Friday, June 26, 2015

Fresh Peach Pie #FridayPieDay

The only thing that smells better than a big bowl of ripe peaches is this old-fashioned peach pie baking in the oven. Serve it with a scoop of vanilla ice cream or some thick pouring cream. 

A couple of days ago, I went for what I call the annual mashing, that is to say, a mammogram. (If you are of the female persuasion and haven’t gone for your well-woman check up in the last year – Just do it! Make the appointment and GO. And do your monthly self breast checks.) I rewarded myself with a stop on the way home at the farmers’ market to buy shelled Texas pecans, peaches, homegrown tomatoes, eggplant and fresh purple-hull peas. I love, love, love fresh peas, which are so hard to find the rest of the year. For dinner that evening, I cooked them simply with garlic, sea salt, black pepper and some smoked paprika. I grilled the eggplant on a griddle pan and made a delicious garlicky salad with the homegrown tomatoes.

And the peaches - oh, the fragrant peaches! - were destined for pie! Since it’s the last Friday of the month, I am once again joining my friend, Heather of girlichef for Friday Pie Day. Last month I shared an almond plum tarte tartin made with puff pastry but I really wanted to make a traditional pie with short crust this month.
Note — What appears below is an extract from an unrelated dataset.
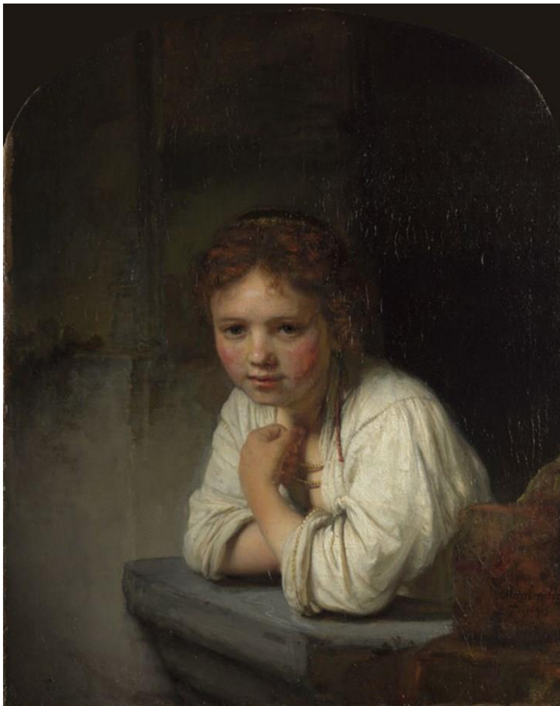
Εικ. 4. Rembrandt Harmensz van Rijn, Κορίτσι στο παράθυρο , 1645, λάδι σε καμβά 81.8 x 66.2 εκ., Dulwich Picture Gallery, Λονδίνο.

I brought this baby on the road to Louisiana yesterday to visit my aunt and two uncles in New Iberia. I haven’t been to my Louisiana birthplace since a couple of summers ago when my grandmother passed away but it feels good to be here, in such a familiar place, with people who love me, have the same sense of humor and know all the family history and, most importantly, secrets. Where a person can buy spicy boudin and hog head cheese at the local butcher. Where grey Spanish moss hangs in wispy strands from ancient live oaks along a lazy bayou flanked by historic mansions. Where one can get local blue point crabs by the extra spicy half dozen at all the seafood restaurants. Yes, it’s good to be home home. Even if I am missing Gram.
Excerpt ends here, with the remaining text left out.